Dataset section.
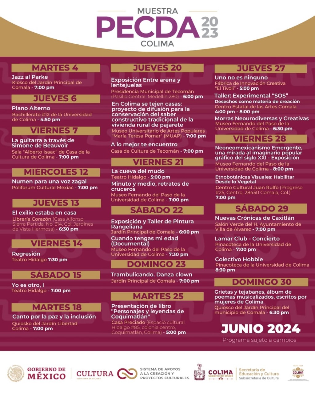 Para conocer la programación completa y mayores detalles de la Muestra PECDA que se estará realizando durante todo el presente mes de junio, se recomienda visitar la página oficial de Cultura Colima en Facebook: https://www.facebook.com/
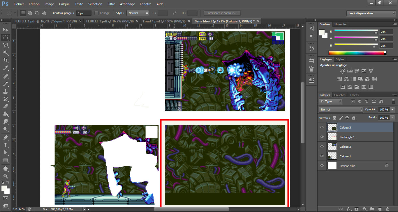 Although the instructions on his page are meant to apply to any game pixel art (or, I suppose, any image), Laurent provides scenery from his Metroid display in PDF form in his excellent tutorial. He also notes that he was inspired by Mav Vasquez’s art, as seen here.
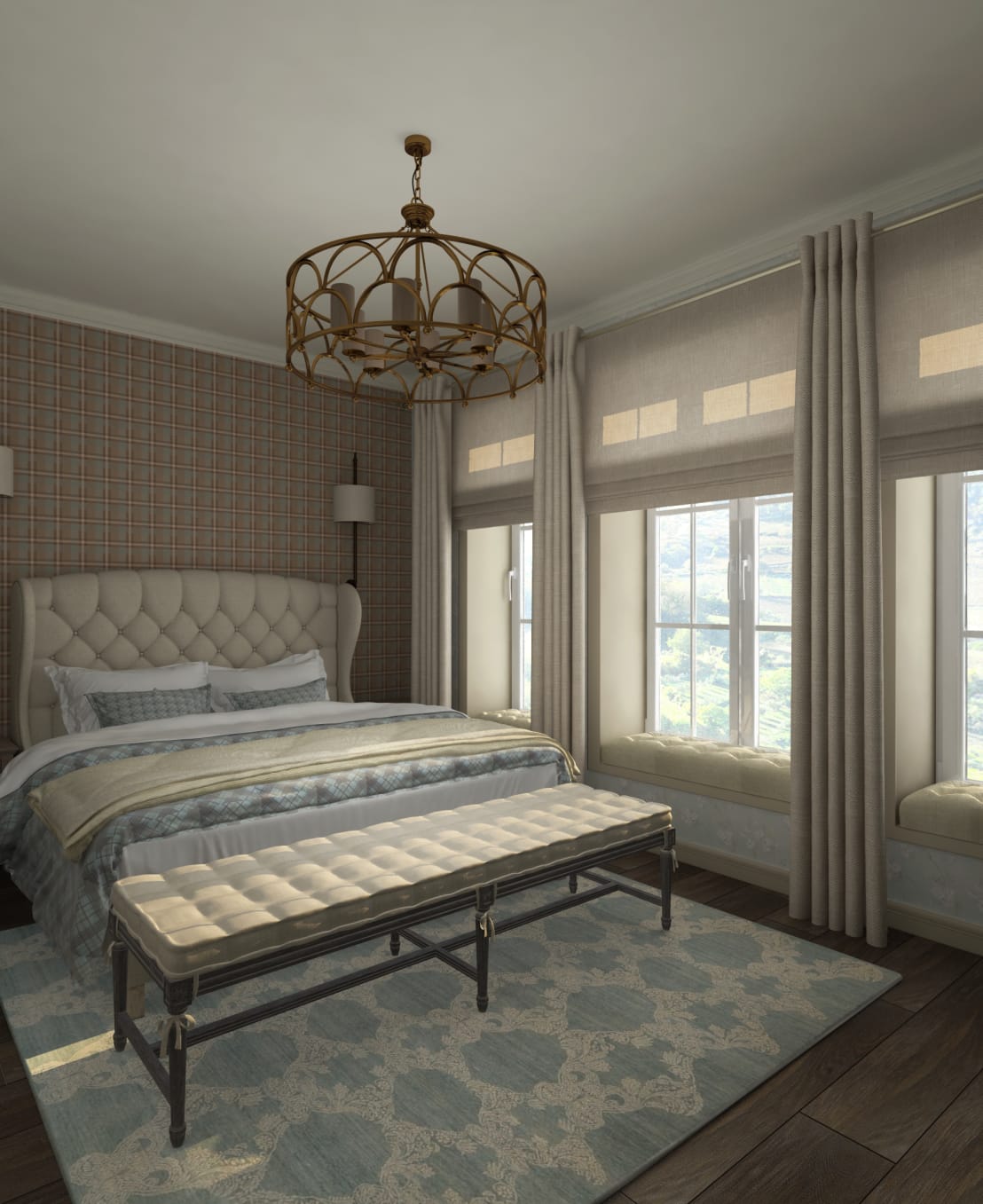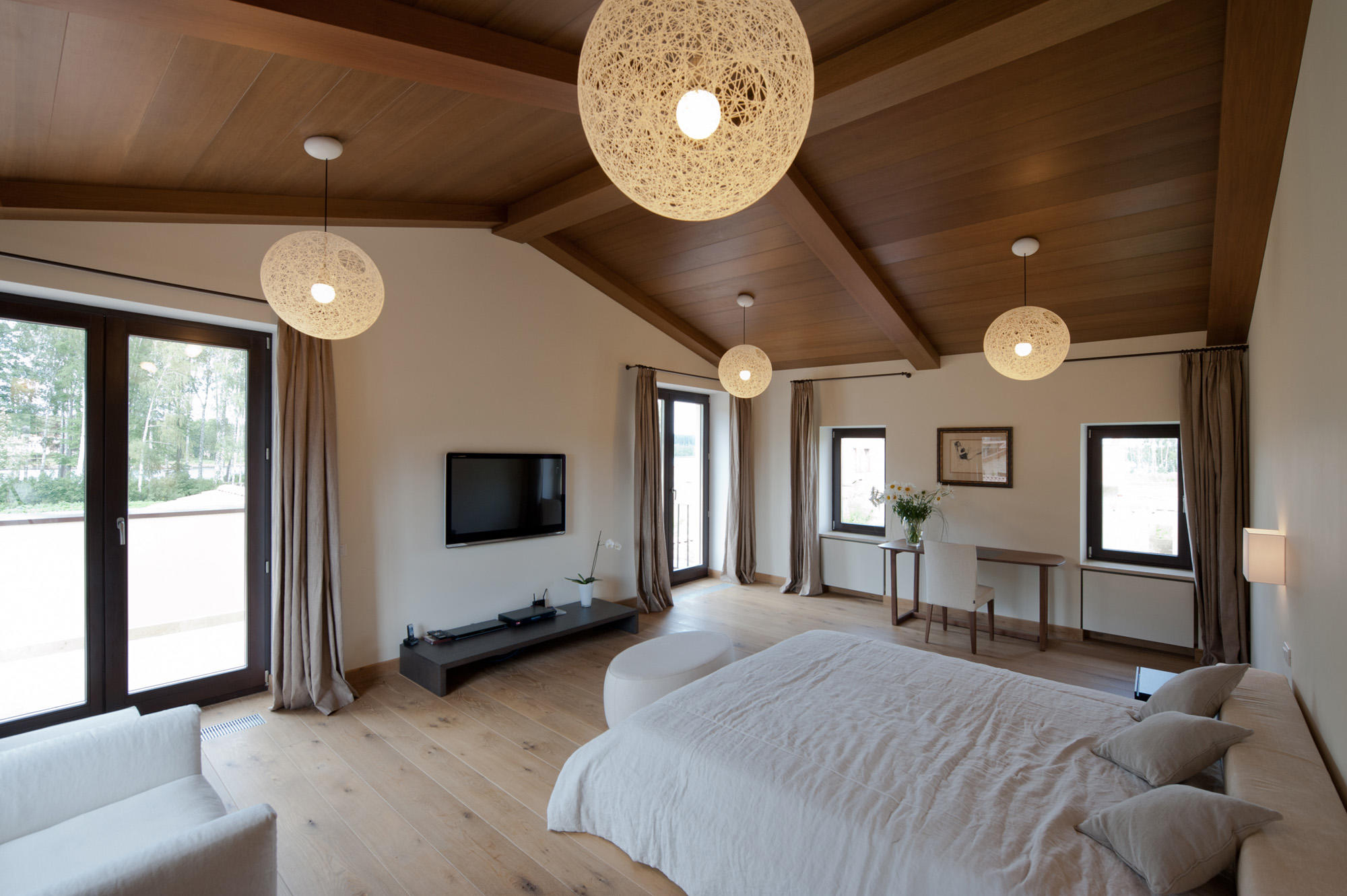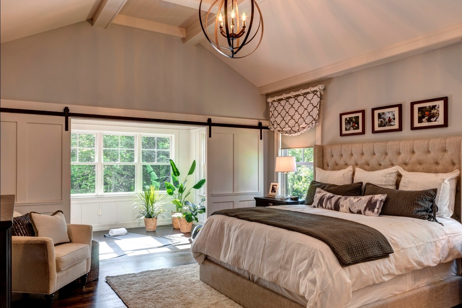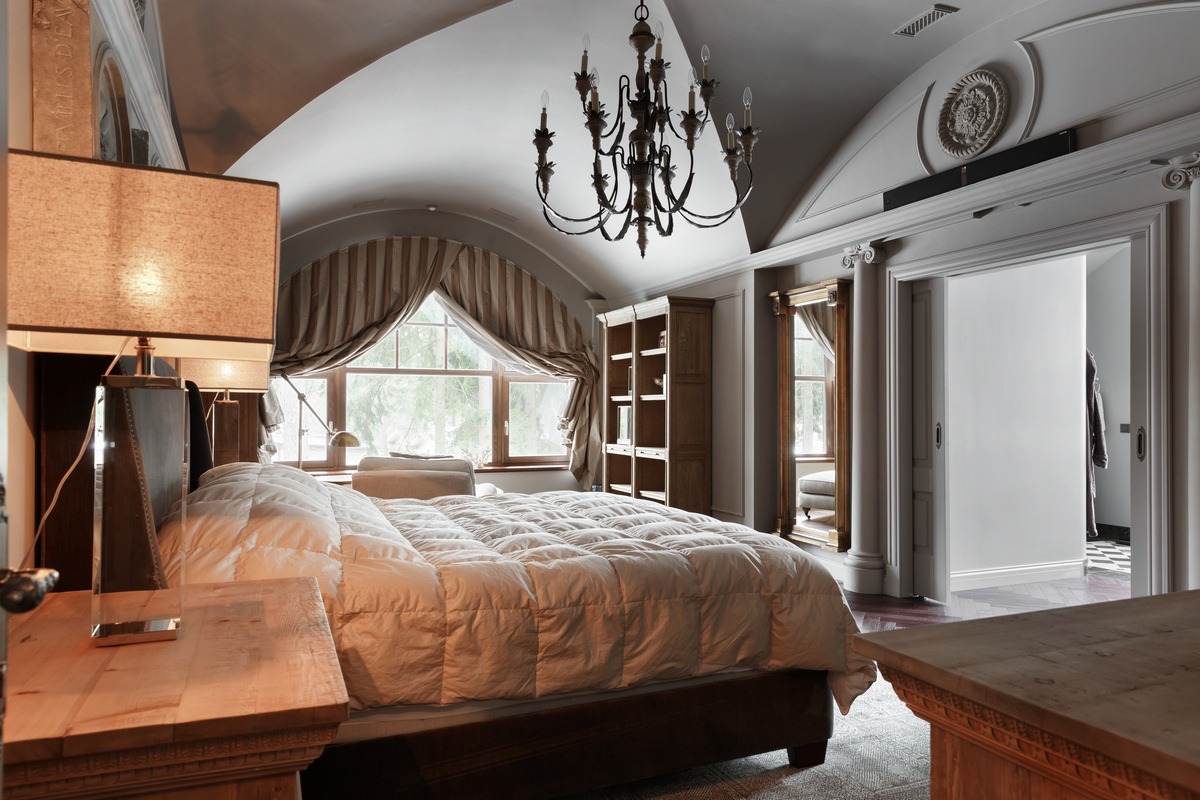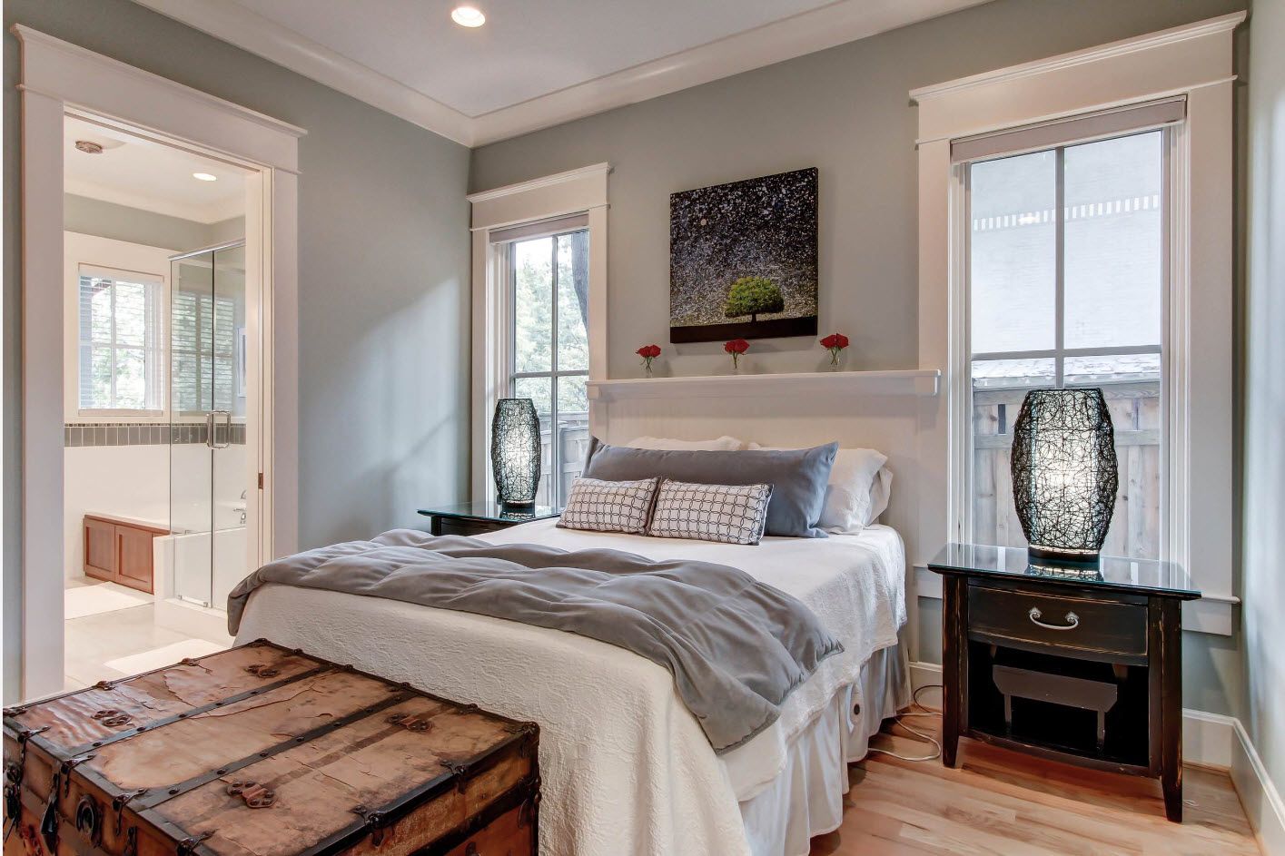 Такая спальня в доме должна быть просторной, оборудованной гардеробной или большим шкафом. Доступ к отдельной ванной также важен. Благодаря этому вы не будете бегать по утрам в поисках чистой рубашки или полотенца, не придется стоять в очереди, чтобы почистить зубы.

What is expected. Transcribe the material exactly, leaving every picture out.

Exercise answer.
 Para conocer la programación completa y mayores detalles de la Muestra PECDA que se estará realizando durante todo el presente mes de junio, se recomienda visitar la página oficial de Cultura Colima en Facebook: https://www.facebook.com/
 Although the instructions on his page are meant to apply to any game pixel art (or, I suppose, any image), Laurent provides scenery from his Metroid display in PDF form in his excellent tutorial. He also notes that he was inspired by Mav Vasquez’s art, as seen here.
 Такая спальня в доме должна быть просторной, оборудованной гардеробной или большим шкафом. Доступ к отдельной ванной также важен. Благодаря этому вы не будете бегать по утрам в поисках чистой рубашки или полотенца, не придется стоять в очереди, чтобы почистить зубы.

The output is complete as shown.